Like other opioids, morphine is a potent, potentially addictive pain reliever. Scientists have speculated for decades that animals naturally synthesize morphine because specialized receptors in the brain respond to the drug. Trace amounts of morphine had been found in human urine and cells. But studies using living animals yielded inconclusive results because of possible contamination from external sources of morphine in their food or in the environment.

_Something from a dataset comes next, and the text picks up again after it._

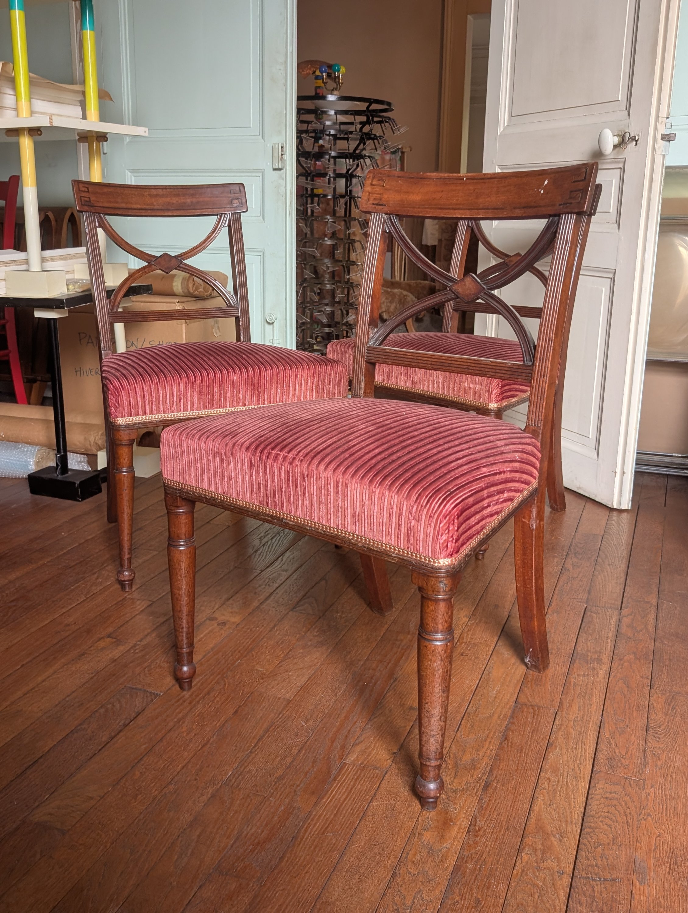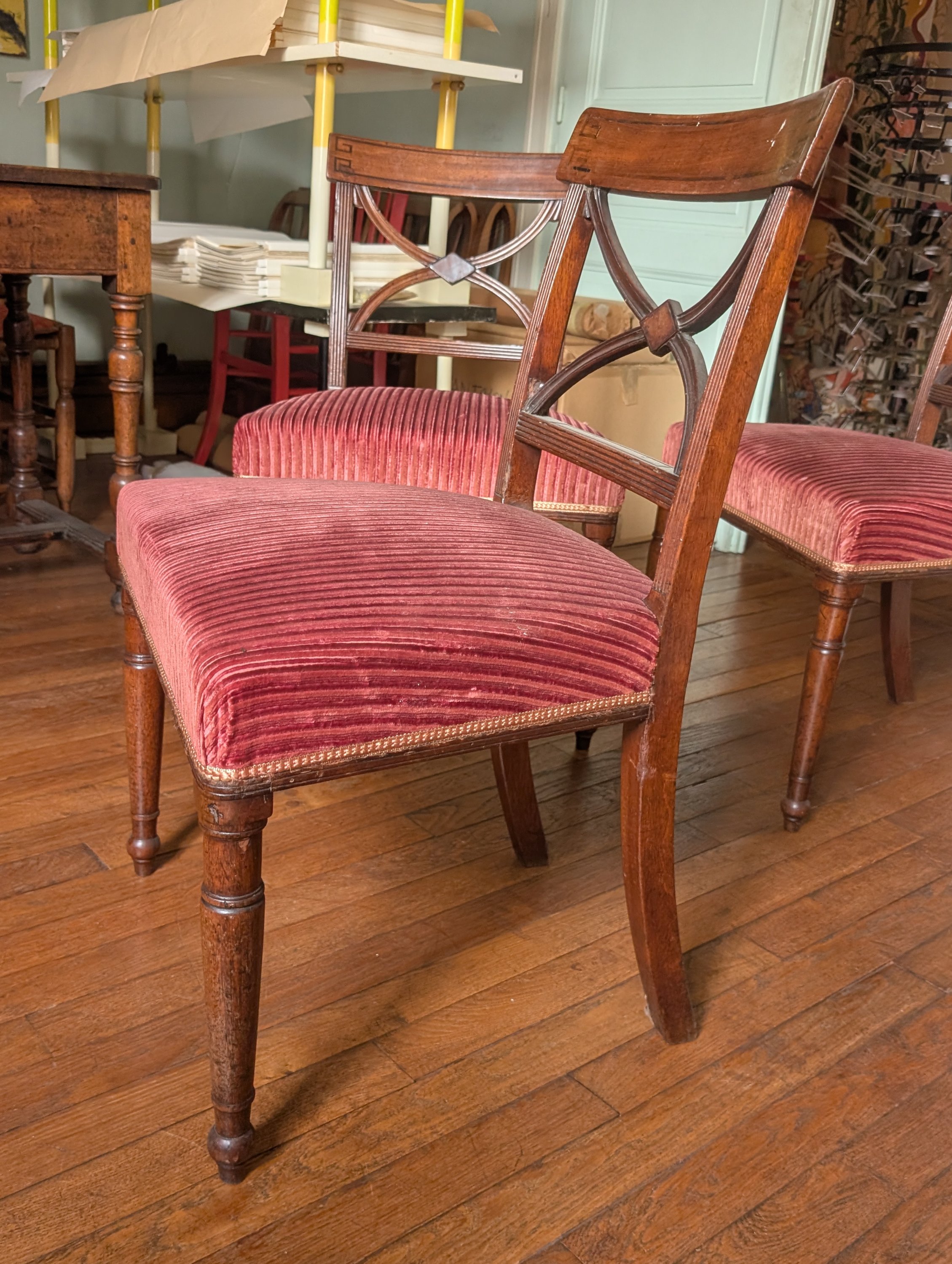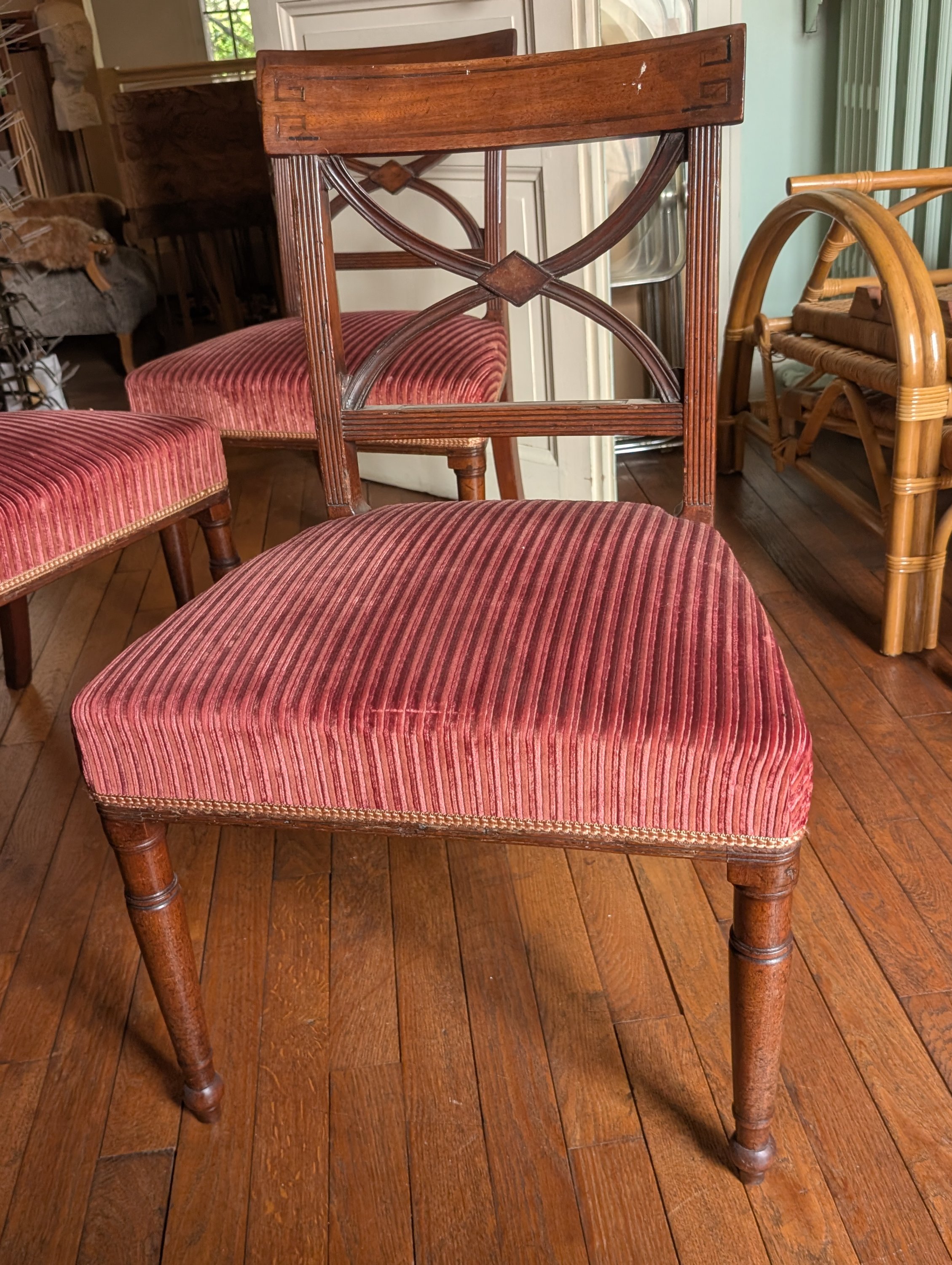 Le dossier légèrement cabriolet ajouré à motif de croisillon reposant sur des pieds en gaines et des pieds sabres.

"This paper seems to be one of the most definitive I've seen," says Chris Evans, a neurobiologist and expert on opioid drugs at the University of California, Los Angeles. "They've convincingly shown that there's a pathway there which could possibly produce morphine."
Alkaloids are ring-shaped chemical compounds that contain nitrogen. The presence of an alkaloid called tetrahydropapaveroline (THP) in brain tissue and urine has led to speculation that it may be a precursor to morphine made naturally inside the body.
The research team injected mice daily with THP and other potential morphine precursors for four days and evaluated the metabolites of these compounds in the urine. By labeling the precursors with deuterium (heavy hydrogen) to replace hydrogen atoms, they were able to distinguish the injected compounds from other sources of morphine, and thus eliminate the possibility of contamination. After isolating alkaloids from the urine samples the team analyzed their chemical make-up using highly sensitive mass spectrometry.
Zenk and his colleagues identified several intermediate biochemical steps between THP and morphine. After injecting THP, they found a four-ringed metabolite of THP called salutaridine in the urine. Salutaridine is an intermediate on the morphine-synthesis pathway in the opium poppy. Injecting salutaridine yielded a five-ringed opiate called thebaine, and injecting thebaine generated three similarly structured opiates: codeine, oripavine and morphine.
Although the latter stages of morphine production are conserved between plants and mammals, the early stages differ: the first alkaloid intermediate in mammals, preceding salutaridine, has an extra hydroxyl (OH) group compared to that in plants. "It may seem trivial to you, but in biochemistry, hydroxylation more or less determines whether a baby is male or female," Zenk says. These differences suggest that the morphine pathways in mammals and plants evolved independently, he says.
The researchers did not find any traces of morphine in blood or tissue. As a result, this study does not prove that mammals make morphine naturally, or that the compound would serve any specific purpose, such as pain relief or addiction, Evans says. "The question is whether there are significant quantities to have any effect on the endogenous receptors, which I think is unlikely."
Aside from detecting morphine in relevant organs, such as the brain and spinal cord, future studies should identify enzymes that are involved in transforming THP to morphine. Then scientists could interfere with the genes coding for the enzymes to determine their functional roles, Evans says. "To show that endogenous morphine naturally exists and has functional significance in mammals, I think there's still a lot to be done."
Zenk's team plans on using more sensitive techniques to look for traces of morphine in tissues. He'd also like to identify enzymes in the pathway and analyze how the formation of morphine fluctuates in humans depending on their pain levels. "Because it's a fact that morphine is found, we have to consider that there must be a function for it," Zenk says.